### Exercise requirements
Copy out the entire listing below exactly, but without its pictures.

### Input data
—————

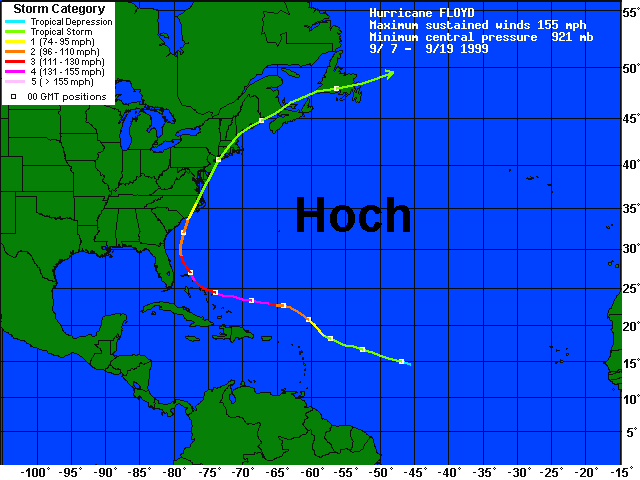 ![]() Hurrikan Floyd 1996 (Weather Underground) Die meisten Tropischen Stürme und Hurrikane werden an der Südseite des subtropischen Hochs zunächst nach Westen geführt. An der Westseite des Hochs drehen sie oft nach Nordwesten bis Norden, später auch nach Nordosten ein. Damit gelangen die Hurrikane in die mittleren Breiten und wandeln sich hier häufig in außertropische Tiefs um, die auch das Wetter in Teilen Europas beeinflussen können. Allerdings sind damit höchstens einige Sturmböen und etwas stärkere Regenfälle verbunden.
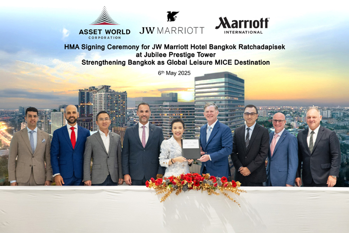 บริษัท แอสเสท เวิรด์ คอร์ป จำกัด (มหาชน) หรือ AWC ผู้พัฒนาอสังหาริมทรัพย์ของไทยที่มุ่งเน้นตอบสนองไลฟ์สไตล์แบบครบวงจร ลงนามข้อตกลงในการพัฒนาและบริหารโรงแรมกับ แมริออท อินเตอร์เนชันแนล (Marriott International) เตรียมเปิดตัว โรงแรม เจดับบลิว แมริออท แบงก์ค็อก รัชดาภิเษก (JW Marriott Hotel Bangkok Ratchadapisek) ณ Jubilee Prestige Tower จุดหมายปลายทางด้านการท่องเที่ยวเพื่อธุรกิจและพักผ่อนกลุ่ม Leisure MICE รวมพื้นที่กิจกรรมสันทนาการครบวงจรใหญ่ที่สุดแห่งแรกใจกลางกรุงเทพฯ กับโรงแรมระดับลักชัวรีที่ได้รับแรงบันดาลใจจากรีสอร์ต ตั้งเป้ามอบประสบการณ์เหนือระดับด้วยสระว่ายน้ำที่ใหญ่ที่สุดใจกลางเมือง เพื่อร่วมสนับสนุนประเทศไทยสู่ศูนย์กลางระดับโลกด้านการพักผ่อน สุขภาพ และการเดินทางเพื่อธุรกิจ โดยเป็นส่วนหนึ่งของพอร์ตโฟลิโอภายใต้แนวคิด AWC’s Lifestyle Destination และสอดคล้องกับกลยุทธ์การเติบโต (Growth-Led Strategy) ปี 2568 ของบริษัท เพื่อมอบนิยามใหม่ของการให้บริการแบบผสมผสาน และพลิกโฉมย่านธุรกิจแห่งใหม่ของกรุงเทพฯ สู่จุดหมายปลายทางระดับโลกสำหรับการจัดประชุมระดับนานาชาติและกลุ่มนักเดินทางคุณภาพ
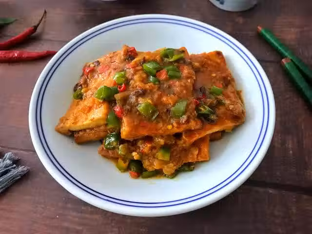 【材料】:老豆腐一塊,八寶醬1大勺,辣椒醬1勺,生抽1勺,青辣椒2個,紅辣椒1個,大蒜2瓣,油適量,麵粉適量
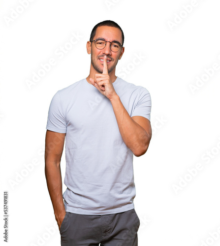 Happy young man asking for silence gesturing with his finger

—————

### Written response
 ![]() Hurrikan Floyd 1996 (Weather Underground) Die meisten Tropischen Stürme und Hurrikane werden an der Südseite des subtropischen Hochs zunächst nach Westen geführt. An der Westseite des Hochs drehen sie oft nach Nordwesten bis Norden, später auch nach Nordosten ein. Damit gelangen die Hurrikane in die mittleren Breiten und wandeln sich hier häufig in außertropische Tiefs um, die auch das Wetter in Teilen Europas beeinflussen können. Allerdings sind damit höchstens einige Sturmböen und etwas stärkere Regenfälle verbunden.
 บริษัท แอสเสท เวิรด์ คอร์ป จำกัด (มหาชน) หรือ AWC ผู้พัฒนาอสังหาริมทรัพย์ของไทยที่มุ่งเน้นตอบสนองไลฟ์สไตล์แบบครบวงจร ลงนามข้อตกลงในการพัฒนาและบริหารโรงแรมกับ แมริออท อินเตอร์เนชันแนล (Marriott International) เตรียมเปิดตัว โรงแรม เจดับบลิว แมริออท แบงก์ค็อก รัชดาภิเษก (JW Marriott Hotel Bangkok Ratchadapisek) ณ Jubilee Prestige Tower จุดหมายปลายทางด้านการท่องเที่ยวเพื่อธุรกิจและพักผ่อนกลุ่ม Leisure MICE รวมพื้นที่กิจกรรมสันทนาการครบวงจรใหญ่ที่สุดแห่งแรกใจกลางกรุงเทพฯ กับโรงแรมระดับลักชัวรีที่ได้รับแรงบันดาลใจจากรีสอร์ต ตั้งเป้ามอบประสบการณ์เหนือระดับด้วยสระว่ายน้ำที่ใหญ่ที่สุดใจกลางเมือง เพื่อร่วมสนับสนุนประเทศไทยสู่ศูนย์กลางระดับโลกด้านการพักผ่อน สุขภาพ และการเดินทางเพื่อธุรกิจ โดยเป็นส่วนหนึ่งของพอร์ตโฟลิโอภายใต้แนวคิด AWC’s Lifestyle Destination และสอดคล้องกับกลยุทธ์การเติบโต (Growth-Led Strategy) ปี 2568 ของบริษัท เพื่อมอบนิยามใหม่ของการให้บริการแบบผสมผสาน และพลิกโฉมย่านธุรกิจแห่งใหม่ของกรุงเทพฯ สู่จุดหมายปลายทางระดับโลกสำหรับการจัดประชุมระดับนานาชาติและกลุ่มนักเดินทางคุณภาพ
 【材料】:老豆腐一塊,八寶醬1大勺,辣椒醬1勺,生抽1勺,青辣椒2個,紅辣椒1個,大蒜2瓣,油適量,麵粉適量
 Happy young man asking for silence gesturing with his finger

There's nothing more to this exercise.